Rare mussel at the centre of Shropshire land row

South Shropshire | News | Published:

Members of a farming family have accused the Environment Agency of forcing them to give up land with no compensation – and fining them when they refused.

The row has broken out over steps taken by the government body to protect the rare fresh water pearl mussel, in the River Clun.

The agency ordered the Thomas family, of Bryndraenog Farm, near Clun, to fence off an acre of their land to keep their cattle away from the River Unk, which feeds into the River Clun.

The Environment Agency (EA) wants to keep the river from silting up with eroded soil and animal waste, which can kill the mussels.

But father and son Chris and David Thomas refused and were fined £13,000. They have now lodged an appeal.

Chris Thomas, 71, said: "If they think they're going to take this land off us to carry out their experiments, they've got another thing coming.

"They're asking for about £10,000 of land on the river side. They don't want it for 12 months, they want it for all time, and it's making land on the other side of the river inaccessible for us, too.

"If the EA wish to confiscate a farmer's land and put it permanently out of agricultural production to create the artificial habitat then they must pay the going rate for it," he said.

David Thomas pleaded guilty to not complying with the notice to put up a fence at the farm in Dutlas, on the banks of the River Unk. The move resulted in "polluting matter" from the cattle that could harm the mussels entering the water course, the EA said.

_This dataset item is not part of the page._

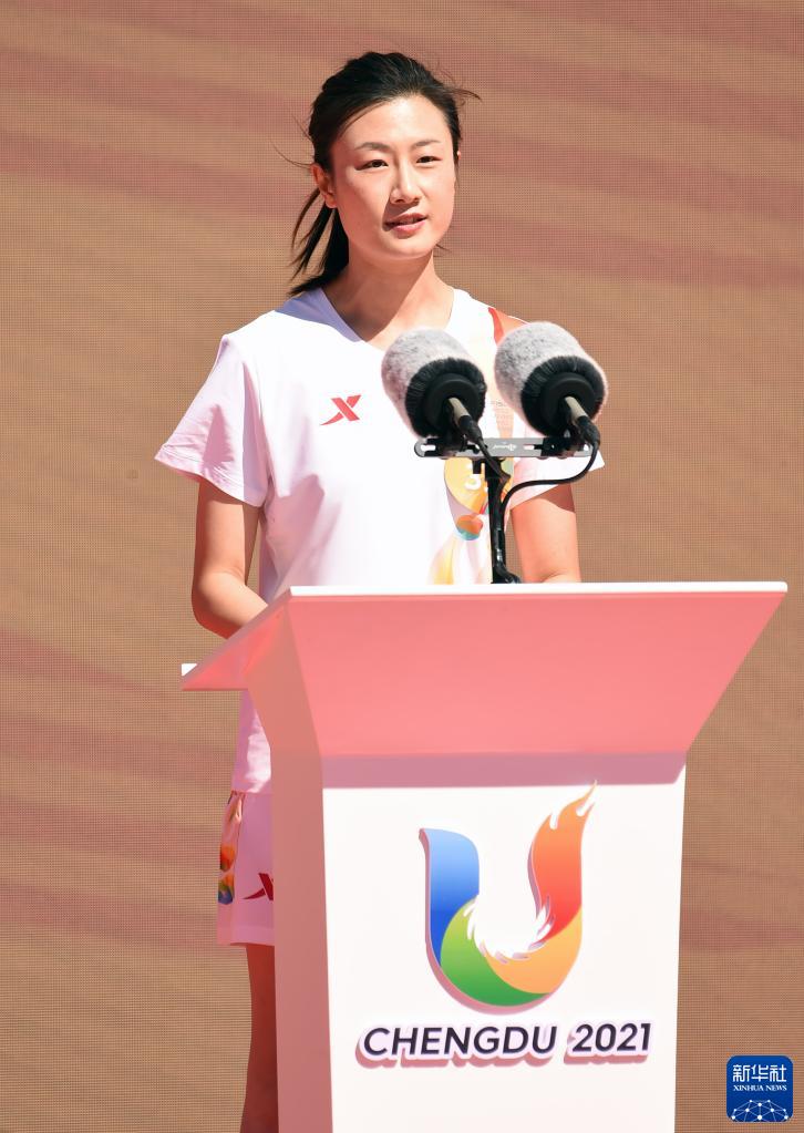 6月10日,大學(xué)生火炬手代表丁寧發(fā)言。

Chris Thomas said: "It's not as if we've got a factory here. There have been grazing animals on this land for 100 years, and that's all we've been doing. We know of other farmers who are also in the firing line on this matter. We need to stand together."

But a spokeswoman for the EA, said the River Clun is one of the few remaining sites where the pearl mussels can still be found, with failure to act to protect them putting them at risk of proceedings from the EU.

She said: "We have offered to install fencing at no cost to Mr Thomas to resolve the issue and advice on other potential solutions.

"The work was not carried out and after a year of negotiations the EA was left with no choice but to serve a Notice for the work and take court proceedings when he failed to comply."